I used novel quantitative measures to assess the impact of fruit seasonality on changes in diet and energy balance during 4918 hours of observation on <60 orangutans in Gunung Palung National Park, West Kalimantan, Indonesia, from September 1994 through September 1995. During this period a mast fruiting occurred, resulting in large fluctuations in fruit availability, measured by monitoring of 558 orangutan fruit trees. Orangutan diet varied tremendously in accordance with these fluctuations. During the month of highest fruit production, 100% of the orangutan diet was composed of fruit. In contrast, during the fruit-poor period as little as 21% of the diet was fruit, while 37% was bark. Nutritional analyses of 78 of the foods most commonly eaten during this study show that mast foods were significantly higher in caloric content than were nonmast foods, which translates into substantial changes in caloric intake. During the month of highest fruit consumption (January), males consumed an estimated 8422 kcal/day and females consumed 7404 kcal/day. During the month of lowest fruit consumption (May), males consumed 3824 kcal/day and females consumed 1793 kcal/day. These differences were significantly different between the 2 months for both males and females. In May, males ate significantly more kcal/day than females did.
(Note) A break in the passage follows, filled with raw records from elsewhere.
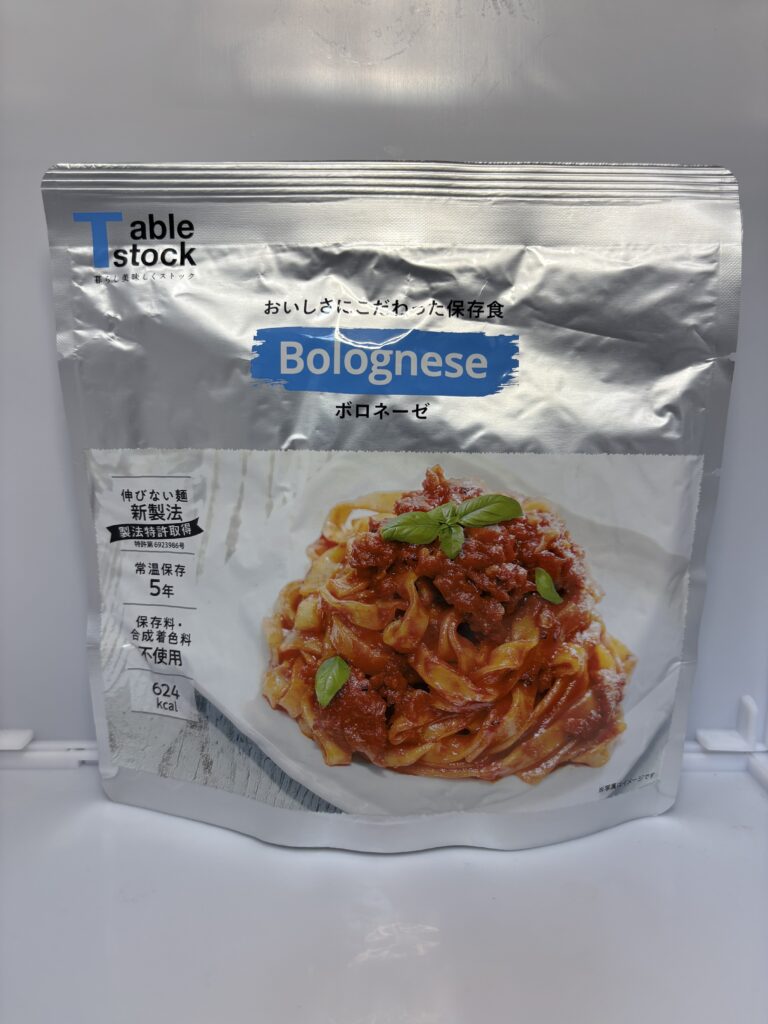 非常食の備忘録です。今回は Table stock おいしさにこだわった保存食 ボロネーゼ をご紹介します。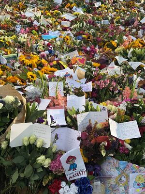 On 15 September, the Prince and Princess of Wales travelled to Norfolk to view tributes outside Sandringham House and meet members of the public.[139] The Earl and Countess of Wessex and Forfar did the same at St Ann's Square, Manchester Central Library, and Manchester Cathedral,[140] while the Princess Royal and Sir Timothy Laurence viewed tributes at the Glasgow City Chambers and met with well-wishers at George Square.[141]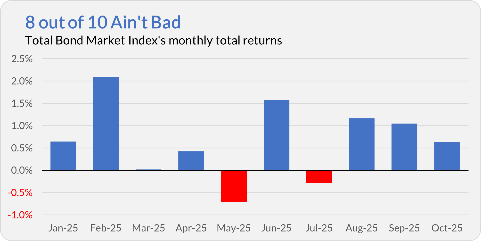 Consider Total Bond Market Index (VBTLX), which has delivered positive returns in eight out of ten months this year—up 6.8% through October.

Time spent feeding did not differ between the two periods for either males or females. I assessed the impact of these changes in diet and caloric intake on orangutan physiological functioning by measuring ketones in 257 urine samples collected from adult males and females. Ketones—products of fat metabolism—were present in urine only during the fruit-poor period. These data suggest that orangutans are highly efficient at storing fat during fruit-rich periods and utilizing the reserves during times of fruit shortfall. This response may have important implications for orangutan survivorship, reproduction, and behavior.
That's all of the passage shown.